“Father!” Laura cried. The shotgun dropped from her hands, clattering forgotten onto the stones, and she turned and began scrambling down the path along the edge of the cliff. Even in the dim light, Logan could see that she was dashing along the trail at an almost suicidal pace, taking desperate chances as she leapt over rocks and fissures in an attempt to get to the bottom of the waterfall as quickly as possible. He rose to his feet and — doing his best to ignore the sharp pain in his shoulder — followed. By the time he reached her, she was at the edge of a little pool at the base of the cliff, water cascading all around, cradling the battered body of her father in her arms. She bent her head over him, weeping more loudly now.
With the absence of moonlight, Chase Feverbridge had reverted to his normal self. Gone was the thick hair from his limbs; gone were the hoary, oversized nails. The battered form was once again the bemused, charismatic scientist he had first met in the secret lab, mere weeks before.
Looking on, he understood what had just happened. Feverbridge had seen the unmistakable pain in his daughter’s eyes. He must have realized he was a lost soul. What he was doing was unpardonable — but it was something he could not stop, a murderous obsession that was only growing worse.
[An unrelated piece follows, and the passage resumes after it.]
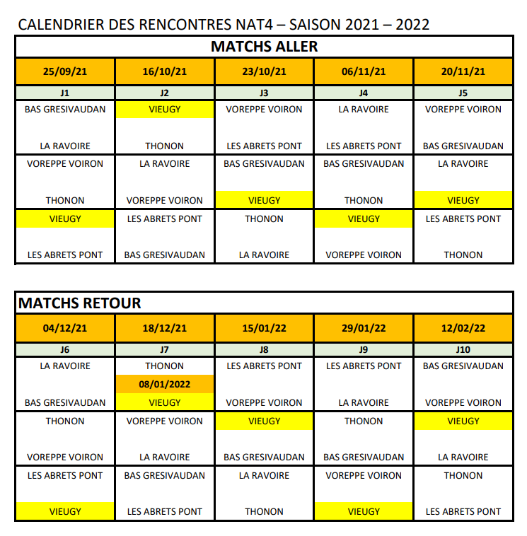 Quelques dates de rencontre de club ont été modifiées pour l'équipe N4.
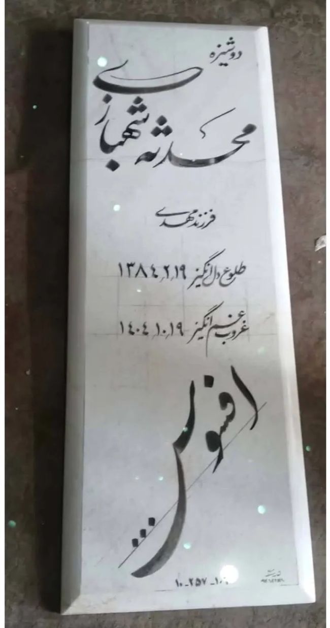 اما خانوادهاش حق ندارند که این زن جوان هنرمند و فعال مدنی را «جاویدنام» بنامند. روی سنگ مزاری که برای محدثه طراحی شده، بزرگ خطاطی شده است: «افسوس.»

Whether his daughter would have managed to shoot him, nobody could now say — but rather than force her to live with doing so, and knowing he could no longer change, he’d saved her from the terrible choice by taking his own life, falling from the top of the cliff — ironically, dying in exactly the way Laura said he had half a year earlier.
Logan pulled out his cell phone, dialed 911 — it took three tries before he managed to keep the call from dropping — and gave them the location, as best he could, of where Albright could be found. Then he knelt beside her. She was rocking her father’s head in her arms now, the weeping reduced to racking sobs.
“How did you know to come here?” he asked her gently.
It took her some time to answer. “I couldn’t think where else to go.”
He waited, perhaps ten minutes, perhaps fifteen, for the sobbing to stop. There was nothing more to say. Finally, he put a hand on her shoulder. “Come on. I’ll take you back to the camp. Then we’d better call Krenshaw, turn ourselves in before he makes his move on the Blakeneys.”
At this she looked at him for the first time since he’d come up beside her. “Turn ourselves in? You’ve done nothing wrong. If anything, you were the one who came here tonight and showed me the truth. If it wasn’t for you, he’d have killed again. And again, and again. I’m the one — the only one — at fault. I wanted to believe him. I thought I did believe him. But deep down, I guess I always wondered — was he really there, locked in that room of his, on the nights of the full moon? Why was it that our research kept running into blind alleys? I should have asked myself those questions directly. Despite his pleas for privacy, to respect his affliction, I should have looked in on him those nights when the moon was full. I realize now the reason I never did was because I didn’t… didn’t want to know the truth.” She sniffed. “I thought I could cure him. But all I did was prolong his murderous obsession. And now, because of me — directly or indirectly, it doesn’t matter — four more people have died.”
And with this she laid her father’s head gently on a rock, rose, turned, and began walking back in the direction of the fire station. Logan watched her receding form for a minute until it was nothing more than a phantom, gray against black. And then he, too, rose from the gurgling pool and, moving slowly and painfully, began to follow.